Han Kangfu, Hu Dan, Cheng Jiale, Liu Tianming, Bozoki Andrea, Zhu Dajiang, Li Gang
Department of Radiology and Biomedical Research Imaging Center, University of North Carolina at Chapel Hill, Chapel Hill, NC, USA.
School of Computing, University of Georgia, Athens, GA, USA.
Proc IEEE Int Symp Biomed Imaging. 2025 Apr;2025. doi: 10.1109/isbi60581.2025.10981287. Epub 2025 May 12.
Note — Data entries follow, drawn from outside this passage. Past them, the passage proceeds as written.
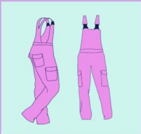
Sjuksköterskesektionen Linköping Sjuksköterska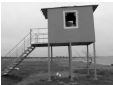
саласпилском пляже, где разгромили пост дежурного. Дежурный пост и раздевалки были установлены

на пляже только этим летом, чтобы благоустроить пляж для нужд жителей. У будки сорваны металлические жалюзи, выбиты окна. Общая сумма нанесенного ущерба – примерно 700 латов.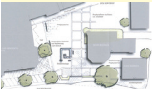
Ideen für eine Aufwertung rund um das neue Rathaus

Es ist nicht einfach, in das Landessanierungsprogramm aufgenommen zu werden. Dank Ihrer aktiven Unterstützung im Rahmen der Bürgerbeteiligung und der daraus resultierenden guten Vorarbeit ist es uns in diesem Jahr dennoch auf Anhieb gelungen. Wichtig war dabei, dass wir dank dieser erfolgreichen Zusammenarbeit bereits einen Gemeindeentwicklungsplan, die ZON2025 vorweisen konnten. Die Fördersumme von 900.000 Euro gibt uns einen ordentlichen Handlungsspielraum, den wir nun für die Neugestaltung der Ortsmitte nutzen können. Nachfolgend finden Sie in chronologischer Reihe nochmals die bisherigen Projektschritte.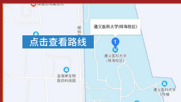
遵义医科大学珠海校区交通图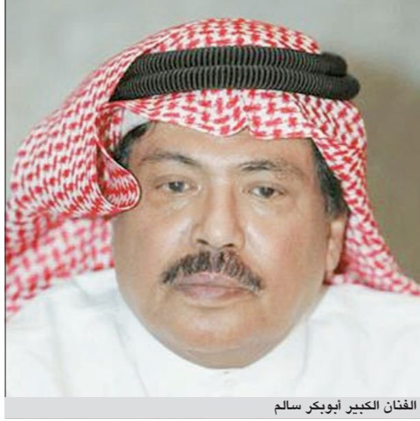
الفنان الكبير أبو بكر سالم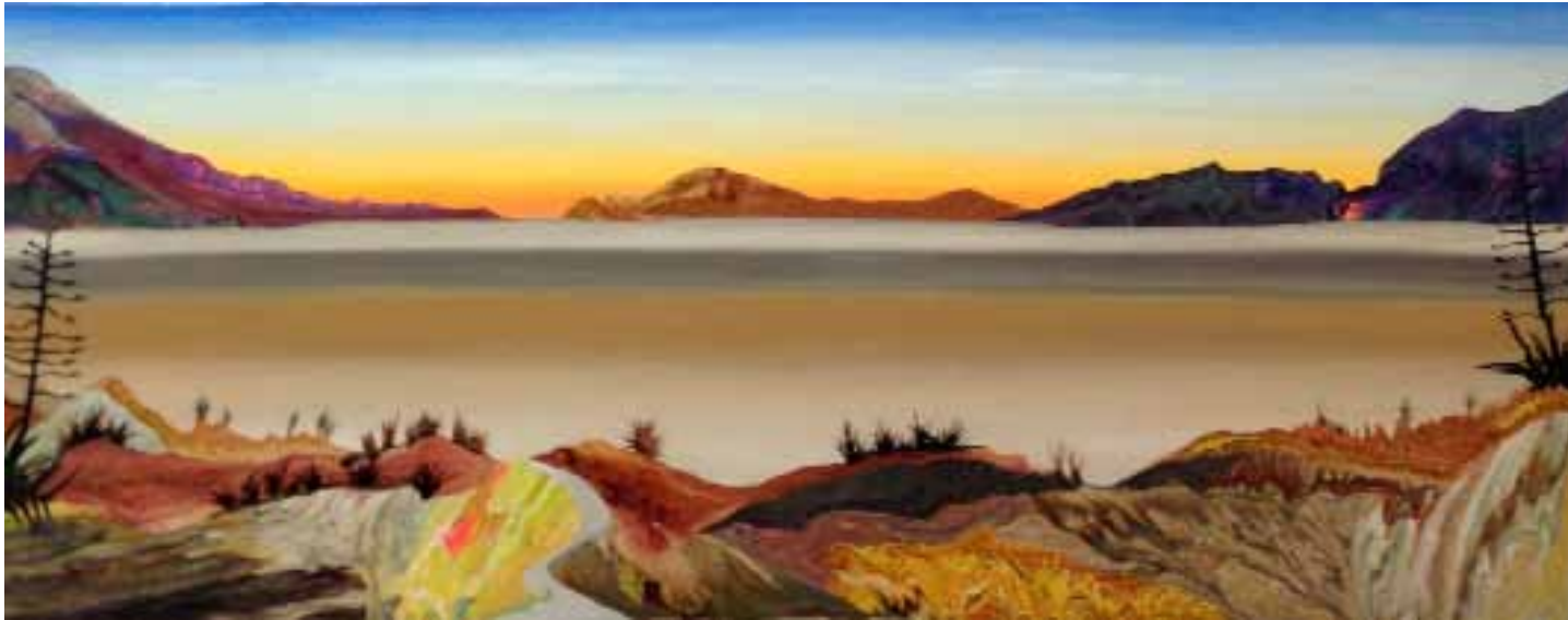
Mar en calma 2017 | 1.20 m x 40 cm | Acrílico sobre lienzo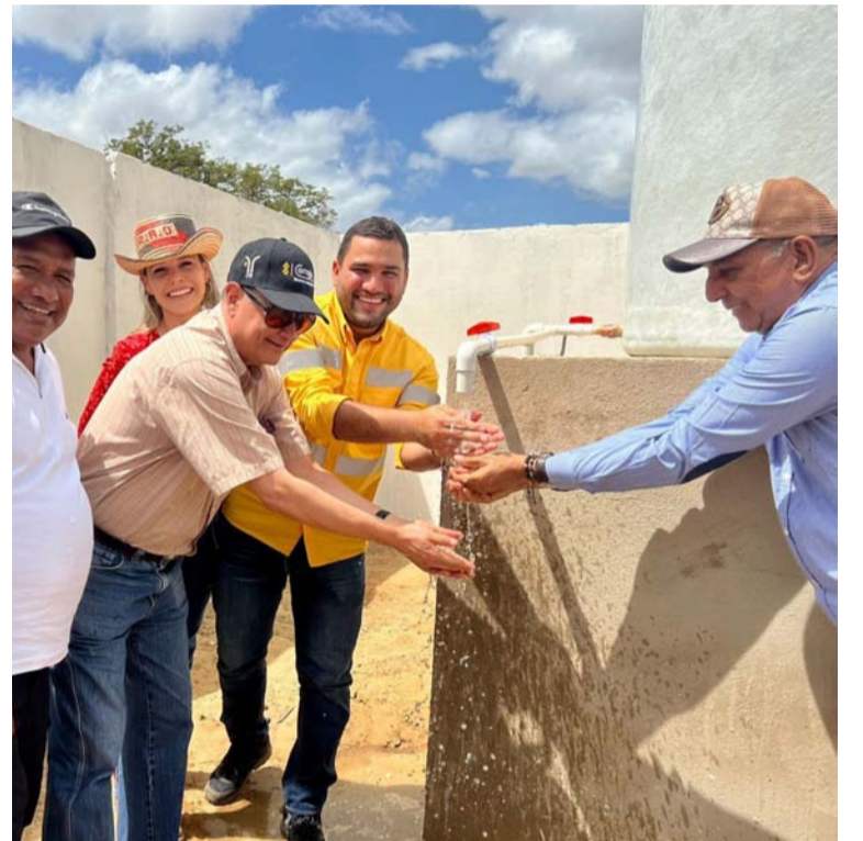
Los proyectos fueron definidos por las comunidades y se enmarcan en infraestructura para soluciones de agua.

Cerrejón y 71 comunidades de su área de influencia han cerrado oficialmente los acuerdos de compensación de la Sentencia T-704 de 2016. Esto quiere decir que se han ejecutado todas las iniciativas que se habían establecido en los procesos de consulta con las comunidades.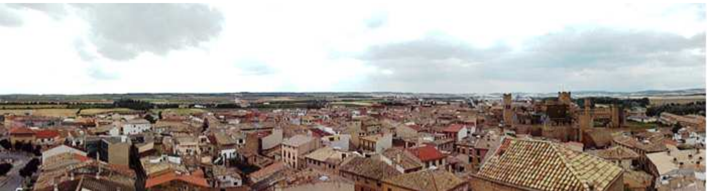
① Panorámica de Olite desde la torre de San Pedro con el castillo-palacio a la derecha.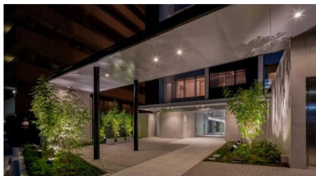
【エントランスアプローチ】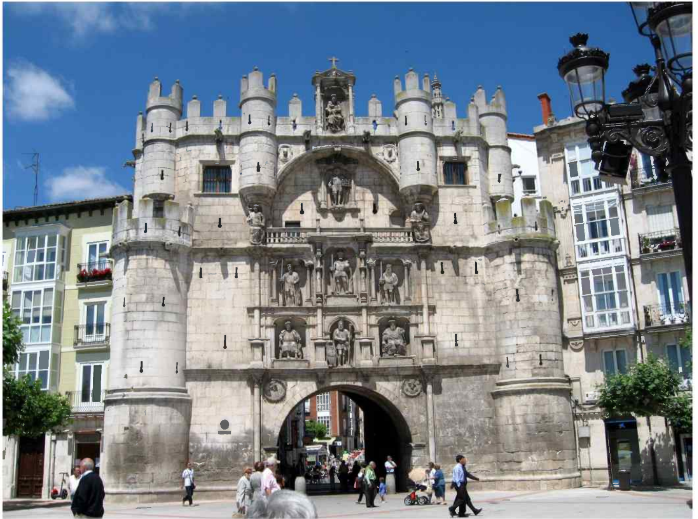
Arco de Santa María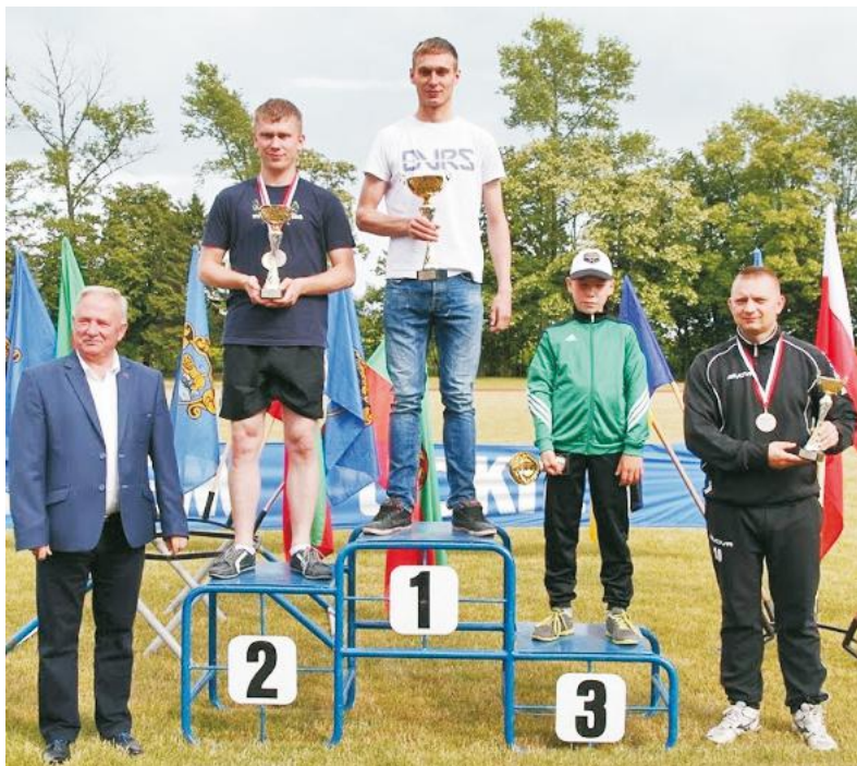
Zwycięzcy jednej z konkurencji lekkoatletycznych mistrzostw rozegranych w Pucku

Mistrzostwa lekkoatletyczne gminy Puck i LKS Ziemi Puckiej zostały rozegrane 21 czerwca na stadionie w Pucku. Impreza została przeprowadzona w klasyfikacji indywidualnej oraz zespołowej.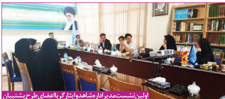
اولین نشست مدیر اداره شاهد و ایثارگر با اعضای طرح پشتیبان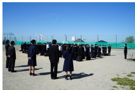
〈青天の中の出発式〉

泊研修は、場所と形を変えた授業のひとつだ。だから“楽しかった”だけではだめ。たった一つでいいから、この研修を通して得た“学び”を持ち帰ってきてほしい。」と話しました。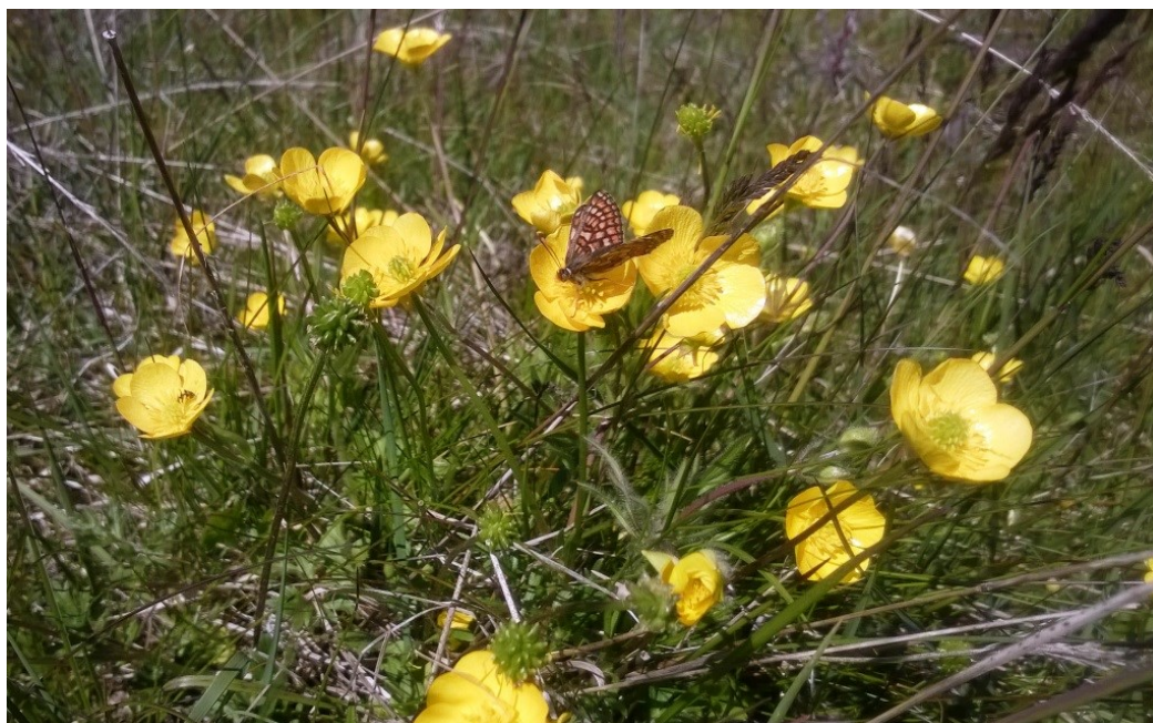
Hedepletvinge på knoldranunkel ved Bruså.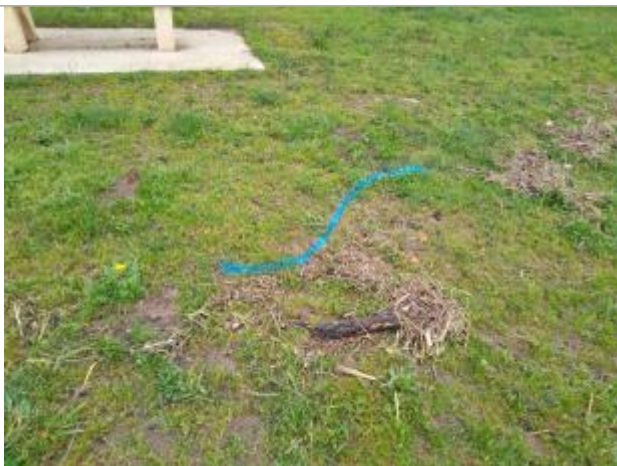
Dépôt au sol

Altitude calculée de l'eau (en m) : 249.78

In structural magnetic resonance imaging (MRI), morphological connectome plays an important role in capturing coordinated patterns of region-wise morphological features for brain disorder diagnosis. However, significant challenges remain in aggregating diverse representations from multiple brain atlases, stemming from variations in the definition of regions of interest. To effectively integrate complementary information from multiple atlases while mitigating possible biases, we propose a novel dual multi-atlas representation alignment approach (DMAA) for brain disorder diagnosis. Specifically, we first minimize the maximum mean discrepancy of multi-atlas representations to align them into a unified distribution, reducing inter-atlas variability and enhancing effective feature fusion. Then, to further manage the anatomical variability, we apply optimal transport to capture and harmonize region-wise differences, preserving plausible relationships across atlases. Extensive experiments on ADNI, PPMI, ADHD200, and SchizConnect datasets demonstrate the effectiveness of our proposed DMAA on brain disorder diagnosis using multi-atlas morphological connectome.
在结构磁共振成像(MRI)中,形态连接组在捕捉区域形态特征的协调模式以用于脑部疾病诊断方面发挥着重要作用。然而,由于感兴趣区域定义的差异,在聚合来自多个脑图谱的不同表示时仍存在重大挑战。为了有效整合来自多个图谱的互补信息,同时减轻可能的偏差,我们提出了一种用于脑部疾病诊断的新型双多图谱表示对齐方法(DMAA)。具体而言,我们首先最小化多图谱表示的最大均值差异,将它们对齐到统一分布,减少图谱间的变异性并增强有效特征融合。然后,为了进一步处理解剖变异性,我们应用最优传输来捕捉并协调区域差异,保留图谱间合理的关系。在ADNI、PPMI、ADHD200和SchizConnect数据集上进行的大量实验证明了我们提出的DMAA在使用多图谱形态连接组进行脑部疾病诊断方面的有效性。